The style prompts referenced specific camera systems (Hasselblad X2D 100C), photographic qualities (ultra-high resolution, photorealistic textures), and editorial approaches (soft but directional lighting, editorial food photography). This pushed the aesthetic quality significantly, but couldn't solve the light cone geometry problem.
No amount of prompt engineering could make the model generate light from a roof window. The concept simply didn't exist well enough in the training data.
Training Custom LoRAs
When prompting hit its ceiling, I trained custom LoRA adapters using the client's existing image library from their DAM. The process involved multiple iterations — varying dataset size, training epochs, LoRA rank, and learning rate to find the right balance between style adherence and flexibility.
| Dataset | 48 curated images from client DAM |
| Training | 4 repeats × 7 epochs (1,344 steps) |
| LoRA Rank | 4 |
| Learning Rate | 1e-4 |
| Data Size | 1024px |
| Training Time | ~3 hours |
| Trigger Word | Case-sensitive brand style activator |
I also experimented with CLIP model selection. Switching from Clip L to Long Clip Vit-L made a noticeable difference — fewer artifacts, cleaner compositions, and better adherence to complex multi-layered prompts.
Results — Abstract
The LoRA transformed what the model could produce. Abstract outputs now matched the client's DAM imagery — photorealistic textures, correct directional daylight, and an editorial quality that felt intentionally photographed rather than generated.
Left: reference from the client's existing asset library. Right: AI-generated with custom LoRA + structured prompts.
Results — Indicative
The first LoRA iteration still struggled with the indicative direction — many outputs showed roof windows in the frame, which wasn't desired. The model needed to imply the light source without depicting it.
After refining the training dataset and adjusting the approach, the second LoRA iteration cracked it. The model could generate convincing attic and loft spaces — bedrooms, bathrooms, kitchens, home offices, dining rooms — all with characteristic roof-window light patterns, without showing the product.

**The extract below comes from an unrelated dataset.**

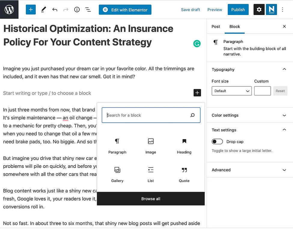 WordPress uses a block editor, which works exactly as you’d imagine — by creating blocks for each section of content you add. For example, paragraphs will be separated into blocks, as will images and headings.

Left: early LoRA showing window in frame (not desired). Right: refined LoRA with correct light but no visible product.
Inpainting & Refinement
Even fine-tuned outputs contain artifacts — garbled text on book spines, impossible object geometry, inconsistent shadows. Single-shot generation isn't production-ready. I built two additional ComfyUI workflows to close the gap.
Workflow 1
Object Inpainting
Mask and regenerate specific objects — fix broken geometry, replace garbled text, add or remove elements while preserving composition and lighting.
Workflow 2
Detail Pass
A second-pass workflow using differential diffusion to upscale and refine textures, sharpen edges, and add photographic detail without altering the base composition.
The Generator Tool
Beyond the R&D outputs, I built a web-based image generation tool for the client's team. The interface abstracts away the complexity of ComfyUI and prompt engineering, enabling creatives to generate brand-consistent imagery directly.
The tool supports three modes matching the creative categories (Abstract, Indicative, Edit), includes an AI-enhanced prompt toggle, and gives power users control over aspect ratio, composition locking, and CFG scale. A beta launched with a select group within the client organization.
What I Learned
Prompt engineering has a ceiling. When a concept doesn't exist well in training data, no amount of prompt craft will overcome it. Fine-tuning is the answer — and surprisingly accessible. A rank-4 LoRA trained on just 48 images for three hours fundamentally changed what the model could produce.
CLIP model selection matters more than expected. Switching encoders reduced artifacts and improved complex prompt adherence with no additional training. And the real production workflow isn't generation — it's generation plus inpainting plus a detail pass. The multi-step pipeline is what makes the output actually usable.
The LoRA didn't just learn a style — it learned the physics of roof-window light.